先月、二人の僧侶が遷化なさり(亡くなること)、さまざまなことを改めて考えているところです。
その一人、Mさんのお寺と慈雲寺は「尼僧法類」と呼ばれるつながりがあり、葬儀からそれ以降の法事も、親戚と同じように関わることになりました。
通夜から葬儀、火葬場での炉前の読経などをMさんの姉妹や甥子さん方と一緒に勤めさせていただきました。それから7日ごとにMさんのお寺にうかがい、中陰の法要を勤めることになります。
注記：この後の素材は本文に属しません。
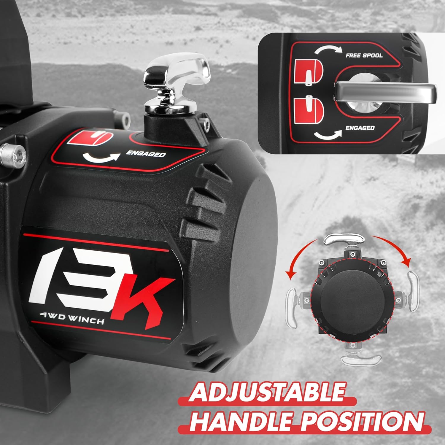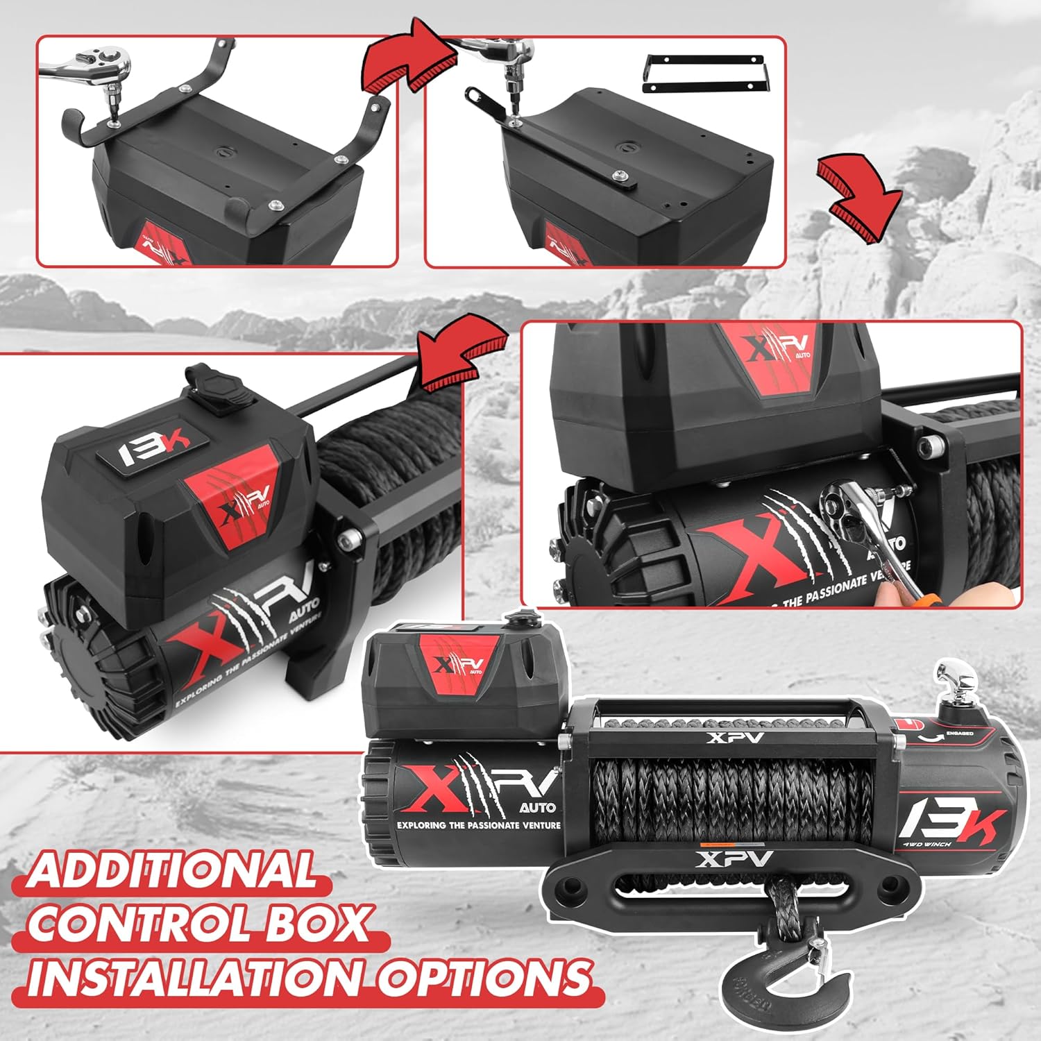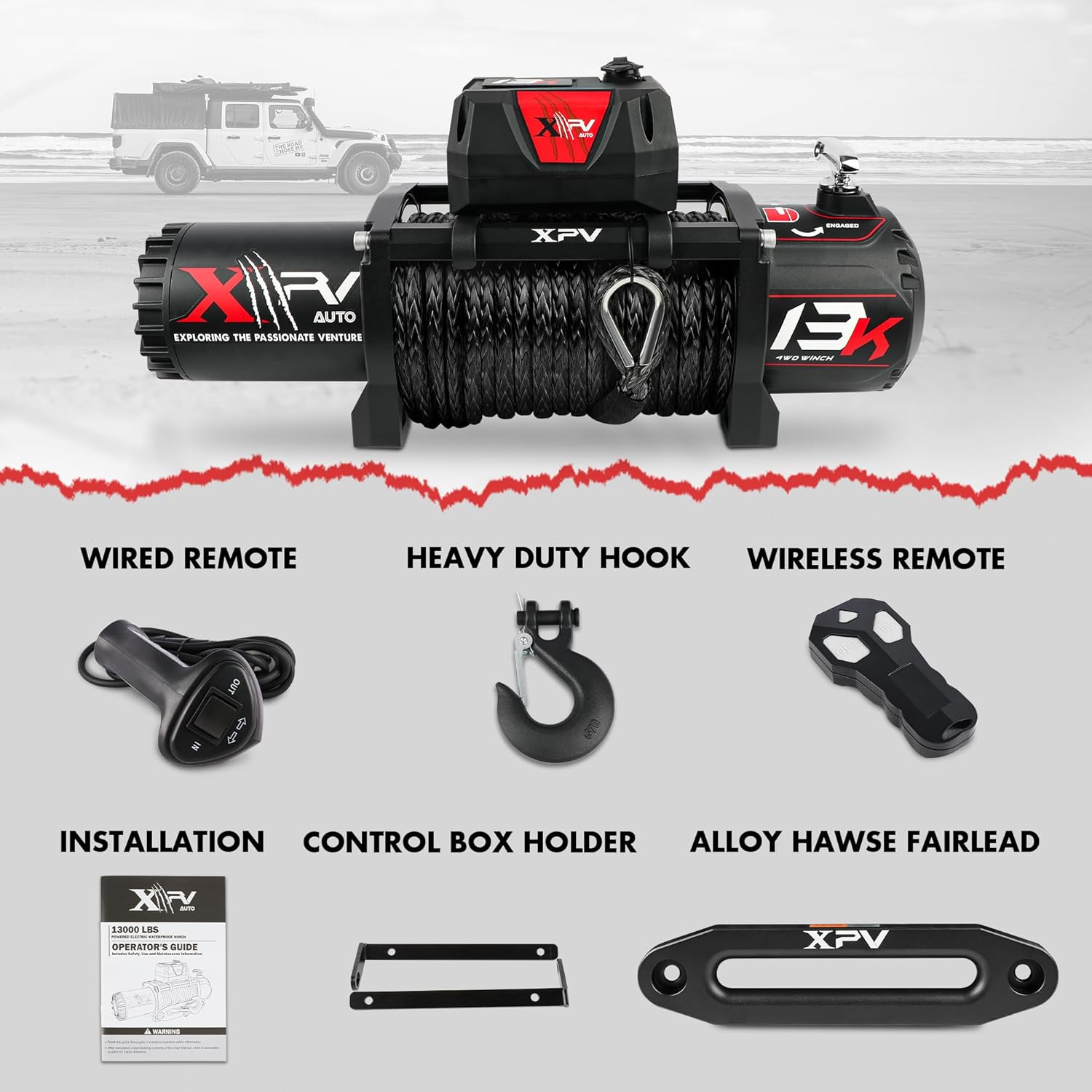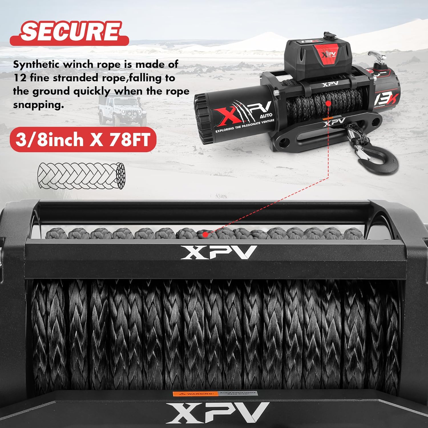 Winch load capacity: 13 000 lbs; 4.5 HP; Gear ratio: 265:1; Rope Size: 3/8inch*78ft; With 3-stage planetary gear system strong pulling force; Unique design is perfect for your Wrangler SUV truck and trailer making it more attractive and cool. The winch comes with lifetime technical support and one-year warranty.

今は、葬儀から火葬、そして初七日の法要、初七日の食事を一日で行ってしまう場合が多いようです。遠くから葬儀に集まって下さる方もあるでしょうから、初七日をいっしょにしてしまおうというのは、一見「合理的」のように思えますが、家族の心身の疲労は筆舌に尽くしがたいほどで、私はとても疑問に思っています。
初七日では、ゆっくり中陰の意味についてお話し、身近な人の死から学ぶ仏教的な生き方について、できるだけ丁寧に説明させていただきたいと思っています。しかし、すっかり疲れきったご家族、親戚の方々のお顔を見ると、初七日の法要はいつも「そそくさ」という感じで終えてしまい、いつも心残りな思いを抱いてしまいます。
◎中陰とはなにか
さて、「中陰」とは何でしょう?一般的な説明ですと、人が亡くなってから49日の間は、まだ次はどこに輪廻していくか決まっていない状態になります。その間、7日ごとに、閻魔大王などによる裁判が開かれ、生前の行いの善悪を判断されます。この裁判の結果によって次に生まれるところが決められるのです。
中陰の法要は、故人に縁のある人々が集い、僧侶を招いて法要することによって、その功徳を故人に回向するのです。良い行いの功徳を故人に手向け、故人の裁判を少しでも有利にしようという思いを形にしたものと言えるでしょう。
しかし、浄土系の教えでは、葬儀で引導を渡されたとたん、故人は阿弥陀仏に迎えとられて極楽へ直行します。49日も行き先不明で迷っているわけではないのです。